In this course, we will focus on Linear combination of features and Neural networks.

Today we will do Deep neural networks (fully connected and convolutional).

Artificial Neural Networks

Neuron

$f(x) = \mathbb{R}^k\to \mathbb{R}$

$z=a_1w_1+a_2w_2+\cdots+a_kw_k+b$

$a_1,a_2,\cdots,a_k$ are the inputs, $w_1,w_2,\cdots,w_k$ are the weights, $b$ is the bias.

Then we have activation function $\sigma(z)$ (usually non-linear)

Activation functions

ReLU (rectified linear unit):

\text{ReLU}(x) = \max(0, x)

Bounded below by 0.
Non-vanishing gradient.
No upper bound.

Sigmoid:

\text{Sigmoid}(x) = \frac{1}{1 + e^{-x}}

Always positive.
Bounded between 0 and 1.
Strictly increasing.

Tip

Use relu for previous layers, use sigmoid for output layer.

For fully connected shallow networks, you may use more sigmoid layers.

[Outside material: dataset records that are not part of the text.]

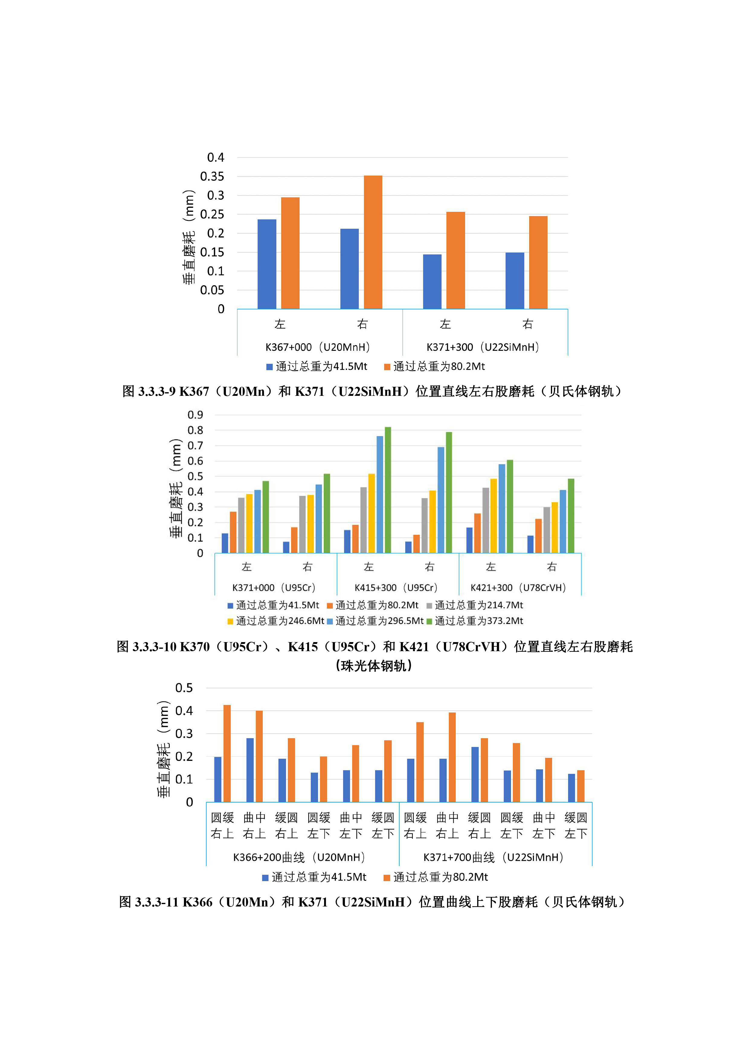 说明 : 给出了2020年大秦线铺设的过共析和贝氏体钢轨的磨服役情况。
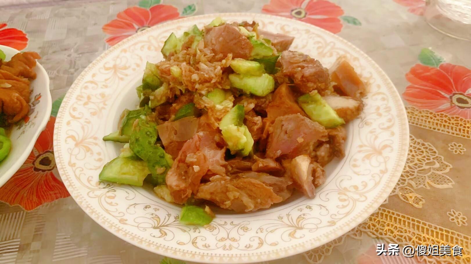 喫包子必須配個涼菜,黃瓜拌燒肉——燒肉切成適口的塊,黃瓜拍松後也切塊,加大蒜末、生抽、醋、少許糖,最後淋上香油。簡單,但清爽解膩,和包子是絕配。
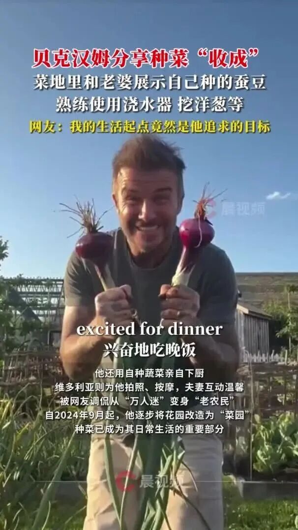 他还用自种蔬菜亲自下厨,维多利亚则为他拍照、按摩,夫妻互动温馨。被网友调侃从“万人迷”变身“老农民”,自2024年9月起,他逐步将花园改造为“菜园”,种菜已成为其日常生活的重要部分。
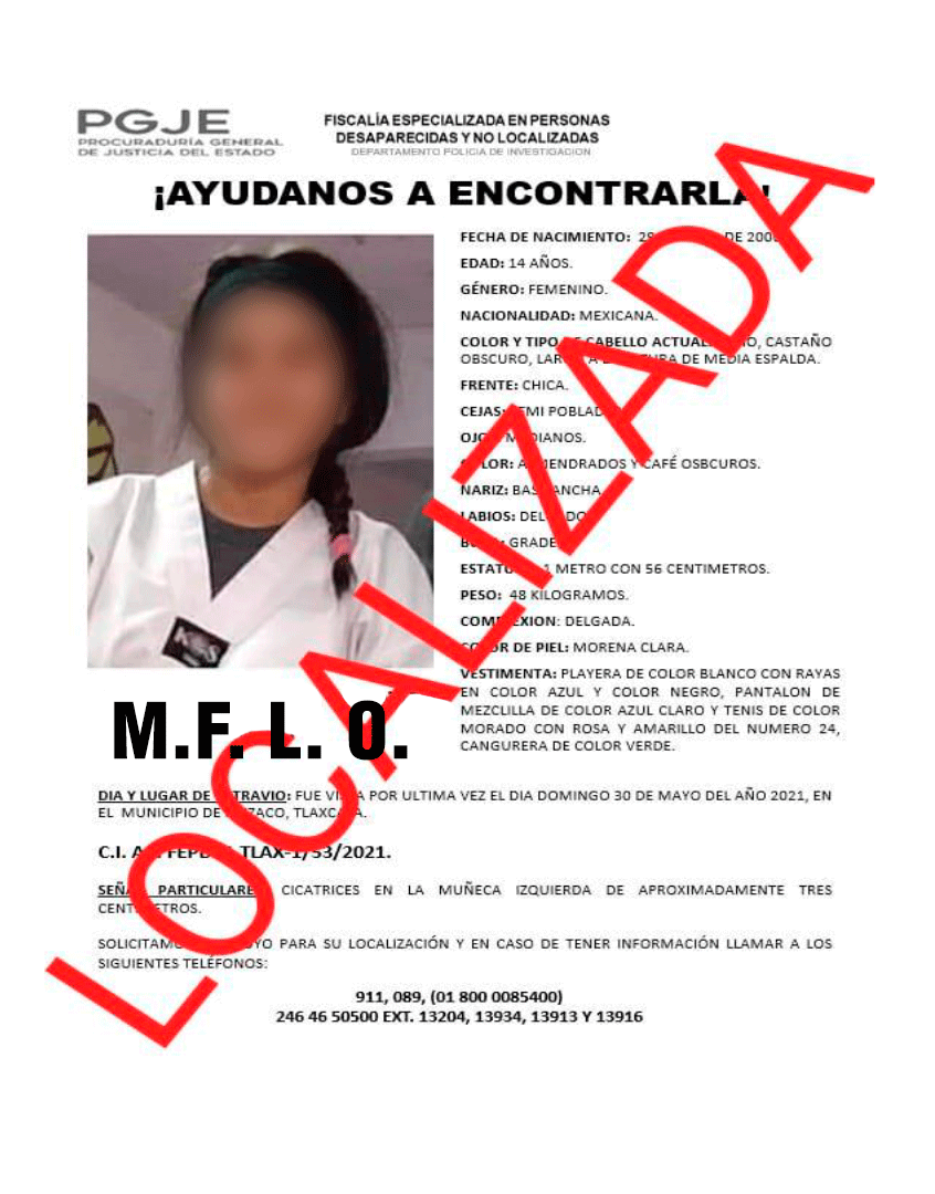 La Procuraduría General de Justicia del Estado (PGJE) a través de la Policía de Investigación adscrita a la Fiscalía Especializada en Personas Desaparecidas y No Localizadas, ubicó a una menor de edad reportada como extraviada en el municipio de Apizaco.

We can use parallel computing techniques to speed up the computation.

Universal Approximation Theorem

Any continuous function can be approximated by a neural network with a single hidden layer.

(flat layer)

Why use deep neural networks?

Motivation from Biology

Visual Cortex

Motivation from circuit theory

Compact representation

Modularity

More efficiently using data

In Practice: works better for many domains

Hard to argue with results.

Training Neural Networks

Loss function
Model
Optimization

Empirical loss minimization framework:

\argmin_{\theta} \frac{1}{n} \sum_{i=1}^n \ell(f(x_i; \theta), y_i)+\lambda \Omega(\theta)

$\ell$ is the loss function, $f$ is the model, $\theta$ is the parameters, $\Omega$ is the regularization term, $\lambda$ is the regularization parameter.

Learning is cast as optimization.

For classification problems, we would like to minimize classification error, e.g., logistic or cross entropy loss.
For regression problems, we would like to minimize regression error, e.g. L1 or L2 distance from groundtruth.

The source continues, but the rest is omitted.